AcademySoftwareFoundation / OpenImageIO

Reading, writing, and processing images in a wide variety of file formats, using a format-agnostic API, aimed at VFX applications.
https://openimageio.readthedocs.org
Apache License 2.0
1.96k stars 586 forks source link

[MEMORY] Reduce file descriptors memory footprint in the ImageCache #4436

Open bfraboni opened 2 days ago

bfraboni commented 2 days ago

We would like to reduce the memory usage of file descriptors in the ImageCache as we observed a large amount of duplicated data. This is mainly due to image descriptors (ImageSpec ) being stored for each mip map (LevelInfo ) of each sub-image (SubImageInfo).

Clearing up some memory should be possible in that area ( LevelInfo / SubImageInfo ) but needs a bit a refactor, that I'm happy to start during DevDays with help from @lgritz.

More to come in the next comments about the approach to follow.

lgritz commented 2 days ago

Yes, I agree that we want to store the ImageSpec per subimage, and the individual MIP levels really only need to know their resolutions and tile sizes, I think those are the only things that meaningfully differ from one MIP level to the next. They don't all need their own ImageSpec's at all.

lgritz commented 2 days ago

Additionally, even at the subimage level, we currently store both a "spec" and a "nativespec".

The original concept was that nativespec reflects what was in the file, whereas spec describes what's in memory in the cache. The main way they can differ is (a) in the cache, only a few pixel data types are allowed (uint8, uint16, half, float) and all channels must be the same data type, whereas in the file they can be other types and can differ among the channels; (b) in the cache, the image always appears "tiled", sometimes the real tiling of the file, sometimes looking like one big tile for the whole image, sometimes looking tiled even though it's not ("autotile"). But the real metadata will not change.

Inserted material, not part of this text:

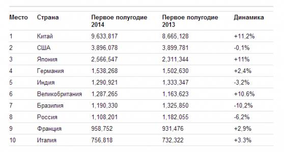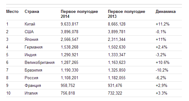 За первые шесть месяцев 2014 года Россия по итогам продаж новых автомобилей оказалась на восьмом месте среди лидеров мирового авторынка и при этом потеряла одну позицию.

(In my defense, when this was designed, we saw a lot less metadata in files, certainly not big things like ICC profiles, thumbnails, or other big things. So having a second ImageSpec didn't seem like a big deal, but now it is.)

OK, so what I'm thinking is that we could store only ONE ImageSpec per subimage, and then only the couple of fields that explain how it differs between the file and the buffer.

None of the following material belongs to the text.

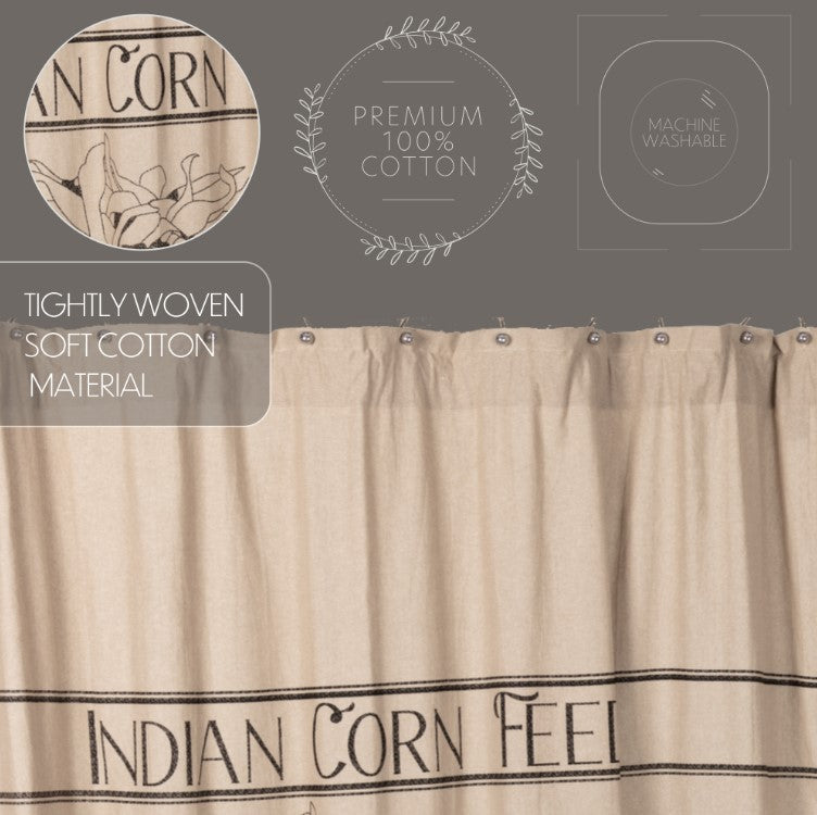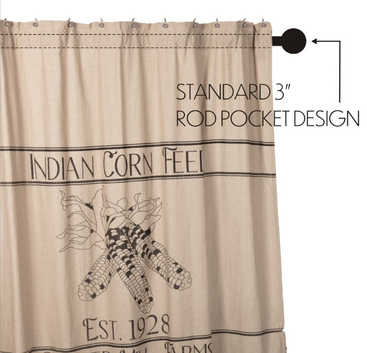 Add classic country charm to your farmhouse bathroom with our Sawyer Mill Charcoal Corn Feed Shower Curtain. These fall shower curtains feature distressed stenciled corn feed and Sawyer Mill Farms wording. The neutral, tan chambray background gives you the versatility to decorate your country style bathroom the way you want. A generously sized rod pocket and button holes on top make it easy to hang with a curtain rod or shower hooks of your choosing (not included).

I'm not yet of a strong opinion whether the one spec should be the file, with separate fields for the data format and tile size of the buffer? Or if the spec should be the buffer, with additional fields saying what the data formats and tiling was like in the file? (Probably the first option, but I'm not 100% sure.)

The question is what to do about the get_imagespec() and imagespec() methods, both of which take a native flag to say which it's selecting.

IC::get_imagespec makes a copy, so it could copy the one imagespec and then modify those few extra fields if they're asking for the other kind.

IC::imagespec() is a lot trickier because it returns a pointer. This is where I got stuck before. One thing we could do is decide that henceforth, the nativespec parameter is simply ignored, and the spec pointer that is returned is always the file one (? or the memory one?) and add a separate new API call to retrieve the in-memory data type or tile size.

It may also be instructive to see how in ImageSpec itself, there is a copy_dimensions() method, which is a very lightweight way of copying only a few important fields from one spec to another. Maybe there is something analogous that we need in ImageCache.